使用如下命令,将mysql中某张表的数据导入到hbase中
sqoop import --connect jdbc:mysql://mysql.host:mysqlport/databasename \
--table [mysqltable] --hbase-table [hbasetable] --column-family testfamily \
--hbase-row-key id --hbase-create-table --username [mysqluname] --password [mysqlpwd]
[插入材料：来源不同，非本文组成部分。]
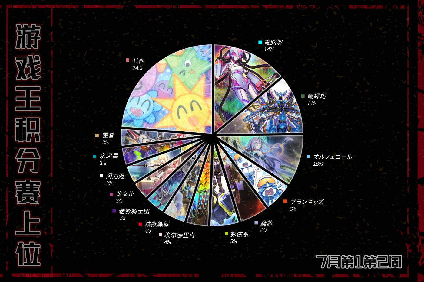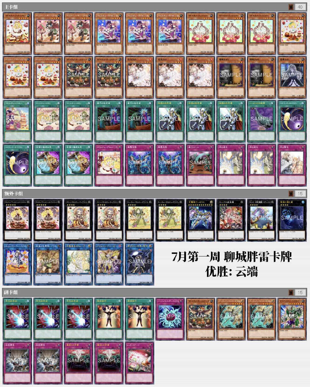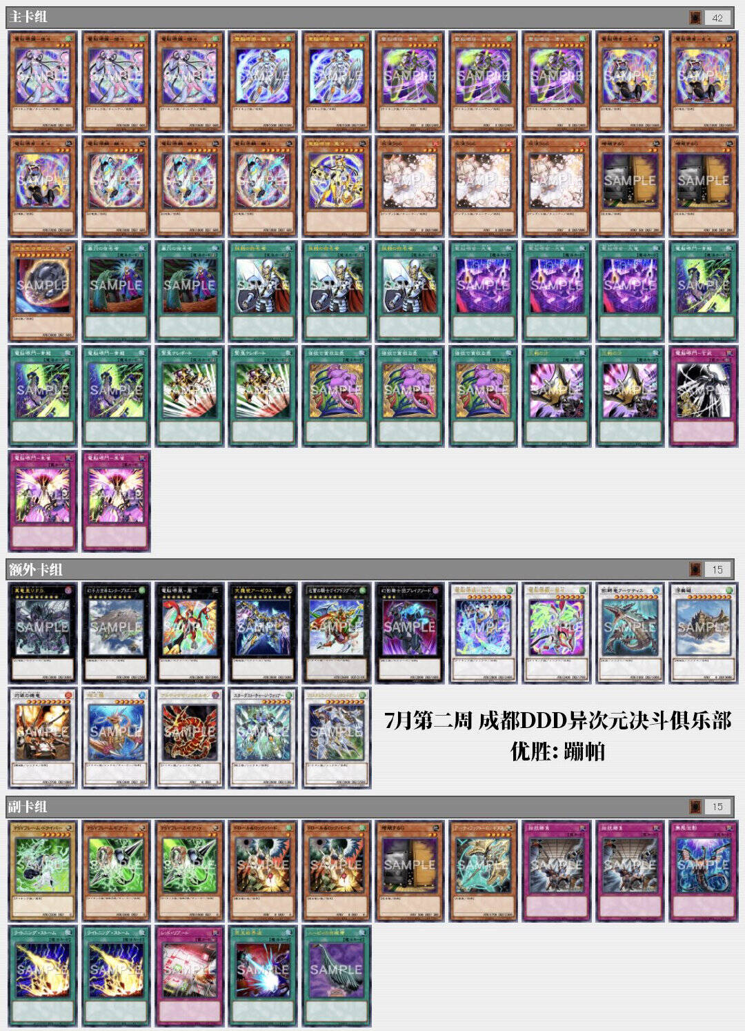 7月第1~2周,可收集到的中国大陆公认店铺合计承办93场OCG积分赛,共有1547人次的玩家参赛,优胜卡组分布如下:

- --connect jdbc:mysql://mysql.host:mysqlport/databasename mysql.host为Mysql 服务的Host,mysqlport是Mysql的监听端口,databasename是数据库名称
- --table [mysqltable] mysqltable表示要导出数据库的表。
- --hbase-table [hbasetable] hbasetable表示要在在HBase中建立的表。
- --column-family testfamily 表示在表hbasetable中建立列族testfamily。
- --hbase-row-key id 表示表A的row-key是hbasetable表的id字段。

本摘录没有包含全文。